↓
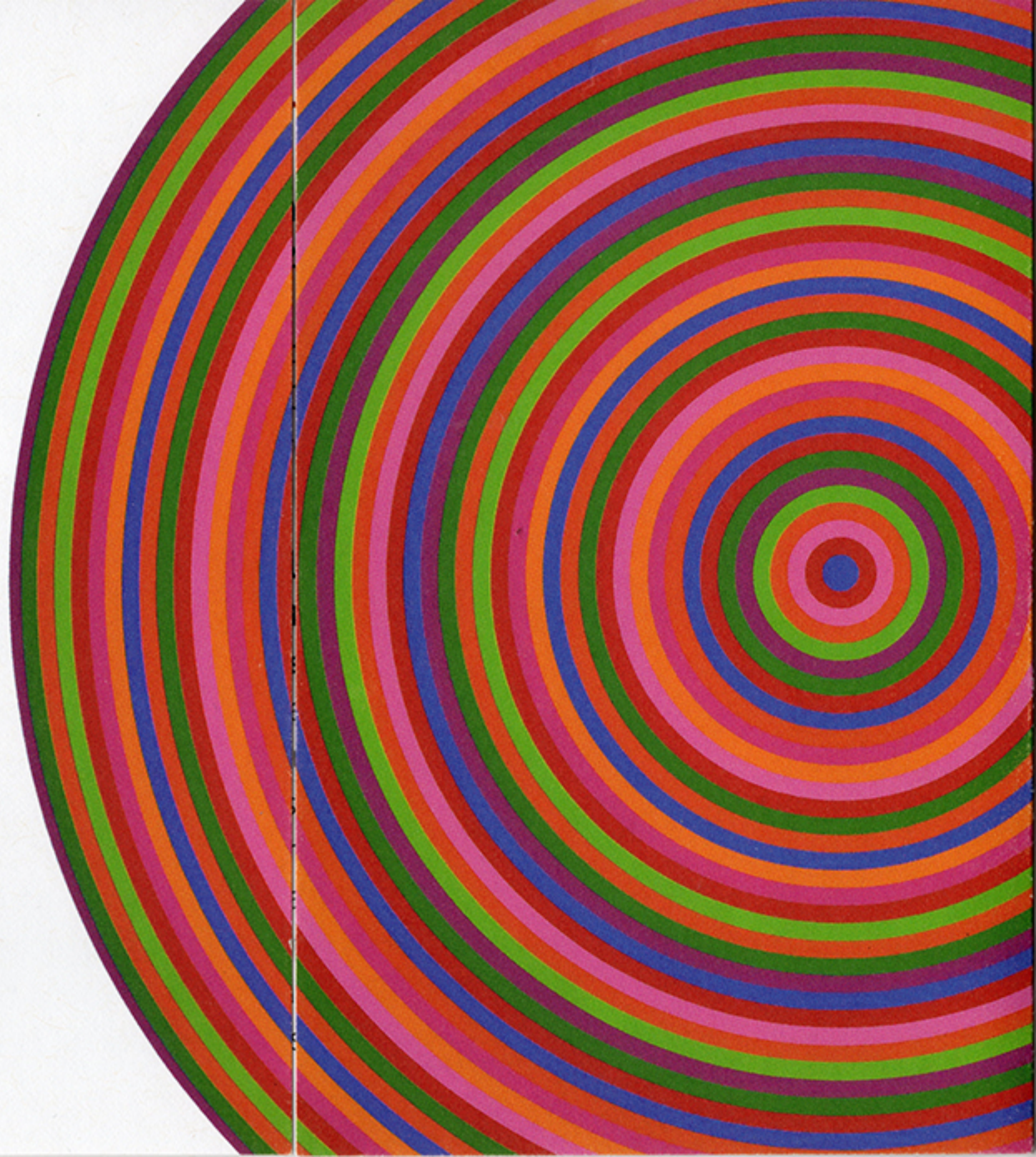
Image: Claude Tousignant, Chromatic Accelerator (detail), 1968, Acrylic on canvas 243.84 cm (diam.). On loan from the artist, Montreal.

Co-produced by the Varley Art Gallery of Markham and the Musée national des beaux-arts du Québec
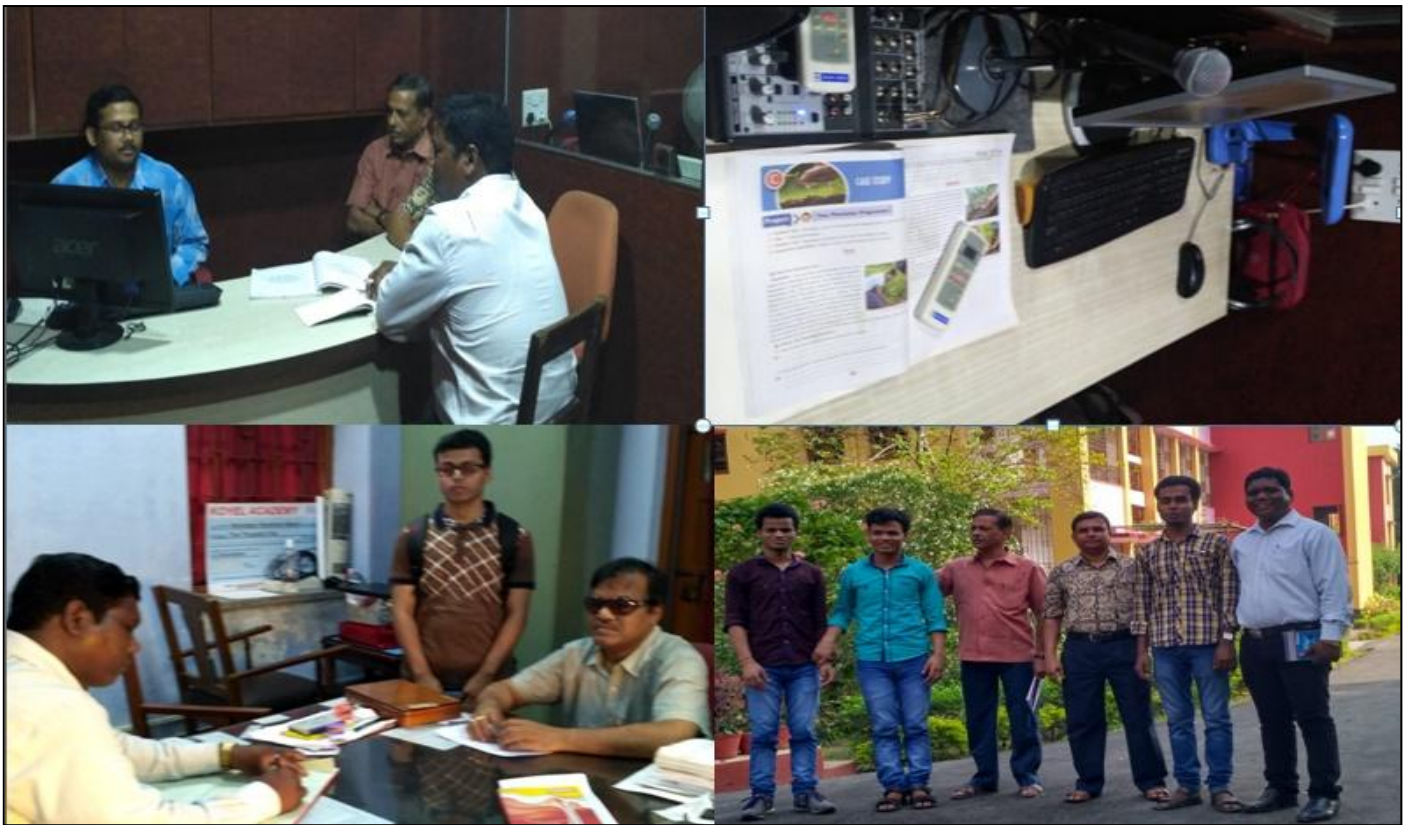
Visit of Ramakrishna Mission Blind Boys' Academy, Narendrapur
↑
> PROBLEM DETAILS: Please copy the lines above exactly as written, apart from any pictures.

> RESULT OF THE EXERCISE:
Image: Claude Tousignant, Chromatic Accelerator (detail), 1968, Acrylic on canvas 243.84 cm (diam.). On loan from the artist, Montreal.

Co-produced by the Varley Art Gallery of Markham and the Musée national des beaux-arts du Québec
Visit of Ramakrishna Mission Blind Boys' Academy, Narendrapur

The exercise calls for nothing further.